Barbaros Hayreddin: “—Ağabeyim benden fakih idi, bilgisi benden fazlaydı, beni mahcup etti.” diyor.

88

O onu teselli etmek için diyor, berikisi de kadere öyle sağlam inanmış ki “Kardeşim, sen bilmez misin Allah ne takdir etmişse o olacak.” Allah’ın takdiri gözümüzün nurundan daha kıymetlidir, ne olacak; kol gitmiş, bacak gitmiş, O’nun yolunda büyükler -imandan- canlarını feda etmiş. Onlar İslâm’ı iyi bilirlerdi. Biz bilmiyoruz.

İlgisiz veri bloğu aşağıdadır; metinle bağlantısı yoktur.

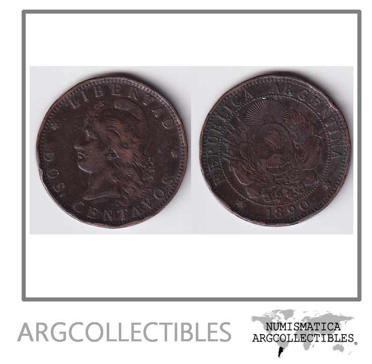 Argentina Moneda Nacional 2 Centavos Patacon 1890 Cobre F / F+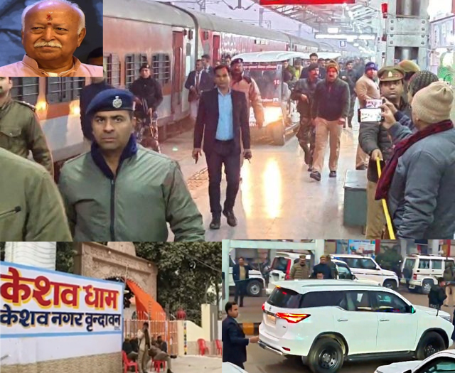 रेलमार्ग से मथुरा पहुंचे आरएसएस प्रमुख डाॅ मोहन भागवत
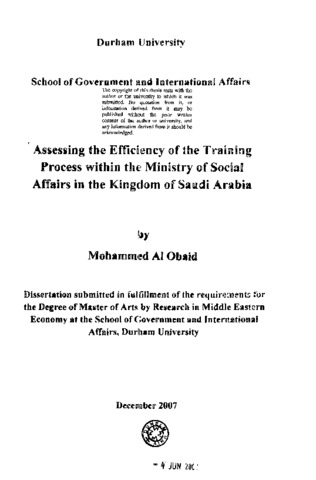 Assessing the efficiency of the training process within the ministry of social affairs in the Kingdom of Saudi Arabia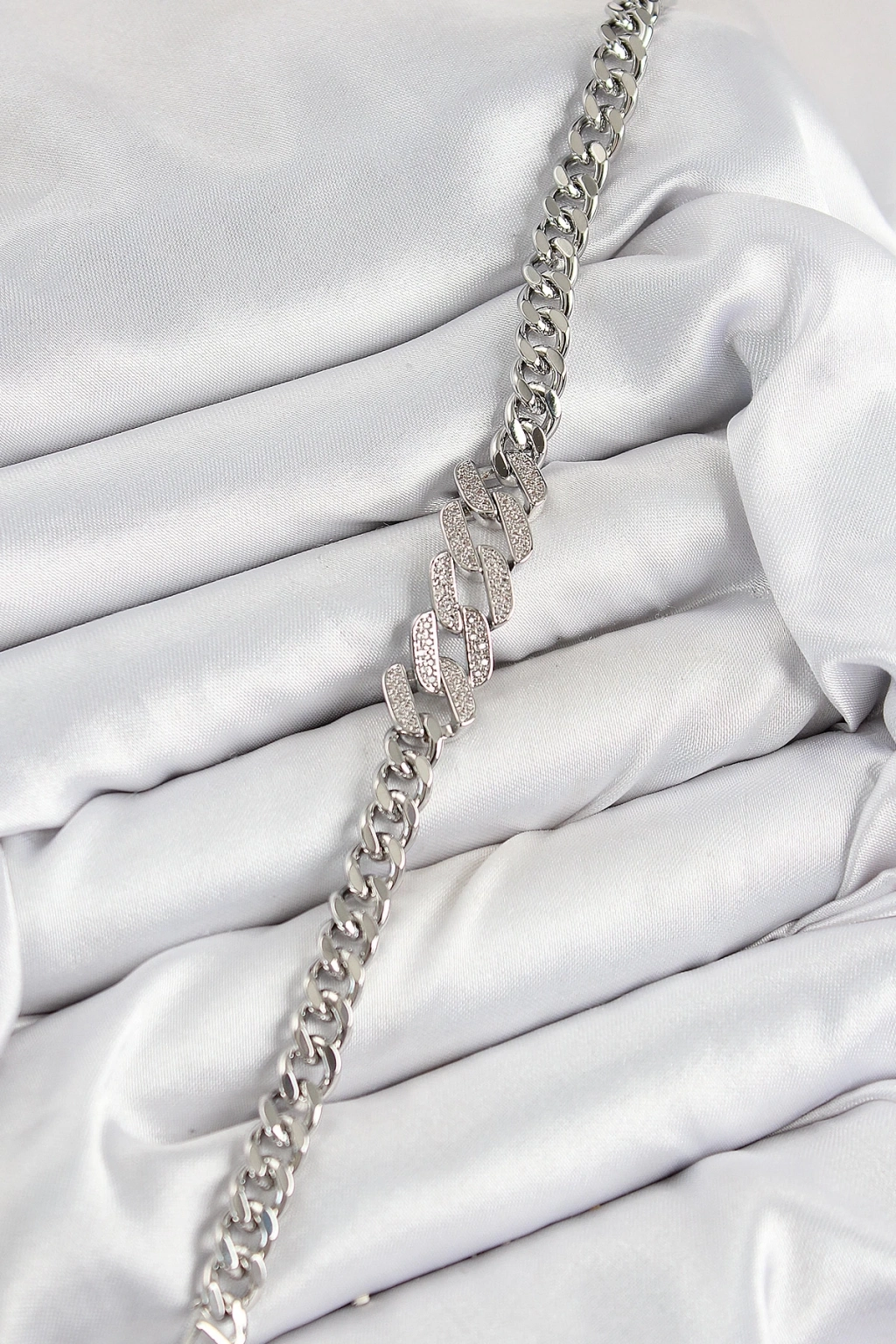 ® Pirinç Zirkon Taşlı Ezme Küba Zincir Model Gümüş Renk Kadın Bileklik

Onların başarısı neden? Sağlam ahlâktan.

Sağlam ahlâk, insana atom bombasından daha büyük kuvvet verir. Sen onu az bir şey mi sanıyorsun? Sağlam ahlâklı insanlar olsaydık biz Almanya’yı fethetmiştik şimdi, Amerika’yı fethetmiştik; işte atom bombasıyla yapamadığın şeyi yapmıştın. Ama çürük olunca olmuyor. Kendi memleketinde ayakta duramıyorsun; bebek gibi tay tay tay, güm aşağıya. İslâm gitti mi öyle olur; Allah hayır bereket vermez.

Şu kâinatın sahibi Allah mı? “Allah.” İnandın mı? “Âmennâ ve saddaknâ, hocam ne üsteleyip duruyorsun? İnandım.” İnandıysan bu böyledir. Allah yolunda gidersen Allah yardım eder; Allah yolunda gitmezsen bu işin hayrı bereketi olmaz. “—Çok para kazanıyorum.” Kazanırsın ama cebinden düşer. “—Araba alıyorum.” Araba alırsın ama çarparsın, uçurumdan yuvarlanırsın. Hayrını görmezsin, Allah burnundan fitil fitil getirir.

İnandıysan bu böyledir. Çok da misalleri vardır. Aç gazeteleri oku. Her taraf ibret doludur.

Allah cümlemize ibret alan göz nasib etsin… Fâtiha-ı şerîfe mea’l-besmele!